In some embodiments, the method is useful for detecting
inflammation in the of the photoreceptor cells, retinal ganglion
cells, RPE, Bruch's membrane, choriocapillary complex, macula, or
cornea. In some embodiments, the method is useful for detecting
oxidative damage of the photoreceptor cells, retinal ganglion
cells, RPE, Bruch's membrane, choriocapillary complex, macula, or
cornea. In some embodiments, the method is useful for detecting
pathological lesions at the RPE/choroid interface in the
macula.
[0150] In some embodiments, there is provided a method of detecting
complement-mediated injury (or detecting inflammation for example
complement-mediated inflammation) in an eye tissue of an
individual, comprising administering to the individual an effective
amount of a composition comprising a construct, wherein the
construct comprises (a) an antibody or a fragment thereof, wherein
the antibody or a fragment thereof specifically binds to Annexin
IV; and (b) a detectable moiety, wherein the presence of the
detectable moiety at the tissue is indicative of a
complement-mediated eye tissue injury (or complement-mediated
inflammation). In some embodiments, the method further comprises
detecting the detectable moiety. In some embodiments, the antibody
or fragment thereof competitively inhibits the binding of a
pathogenic antibody (such as monoclonal antibody B4) to Annexin IV.

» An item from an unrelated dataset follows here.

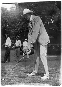 In 1911, Tuckerman won the Shinnecock Hills Tournament at the Shinnecock Hills Golf Club in Southampton, New York, on Long Island.[16] He later captured the Washington Metropolitan Amateur Championship in 1914 and 1923 when Chevy Chase Country Club hosted the tournament in Chevy Chase, Maryland.[17] During his golf career, Tuckerman captured the Stockbridge Cup of the Berkshire Golf Tournament in Stockbridge, Massachusetts.[18] He also played in the U.S. Senior Golf Association Tournament[19] and the seniors international triangular matches.[20]

In some embodiments, the antibody or antibody fragment thereof
binds to the same epitope as a pathogenic antibody (such as
monoclonal antibody B4) to Annexin IV. In some embodiments, the
Annexin IV is present on the surface of a cell, a basement membrane
(e.g., Bruch's membrane), or in a pathological structure (e.g.,
drusen) in an individual that is in or adjacent to a tissue
undergoing (or is at risk of undergoing) tissue injury (such as
non-ischemic injury) and/oxidative damage. In some embodiments, the
Annexin IV is produced by a nucleated cell (such as a mammalian
cell). In some embodiments, the Annexin IV is recombinant protein.
In some embodiments, the construct is a fusion protein. In some
embodiments, the targeting moiety and the detectable moiety are
linked via a linker (such as a peptide linker). In some
embodiments, the eye tissue is the photoreceptor cell, retinal
ganglion cell, RPE, Bruch's membrane, choriocapillary complex,
macula, or cornea. In some embodiments, there is provided a method
of detecting oxidative damage in an eye tissue in an individual,
comprising administering to the individual an effective amount of a
composition comprising a construct, wherein the construct comprises
(a) an antibody or a fragment thereof, wherein the antibody or a
fragment thereof specifically binds to Annexin IV; and (b) a
detectable moiety, wherein the presence of the detectable moiety at
the tissue is indicative of a oxidative damage in the eye tissue.
In some embodiments, the method further comprises detecting the
detectable moiety. In some embodiments, the antibody or fragment
thereof competitively inhibits the binding of a pathogenic antibody
(such as monoclonal antibody B4) to Annexin IV. In some
embodiments, the antibody or antibody fragment thereof binds to the
same epitope as a pathogenic antibody (such as monoclonal antibody
B4) to Annexin IV. In some embodiments, the Annexin IV is present
on the surface of a cell, a basement membrane (e.g., Bruch's
membrane), or in a pathological structure (e.g., drusen) in an
individual that is in or adjacent to a tissue undergoing (or is at
risk of undergoing) tissue injury (such as non-ischemic injury)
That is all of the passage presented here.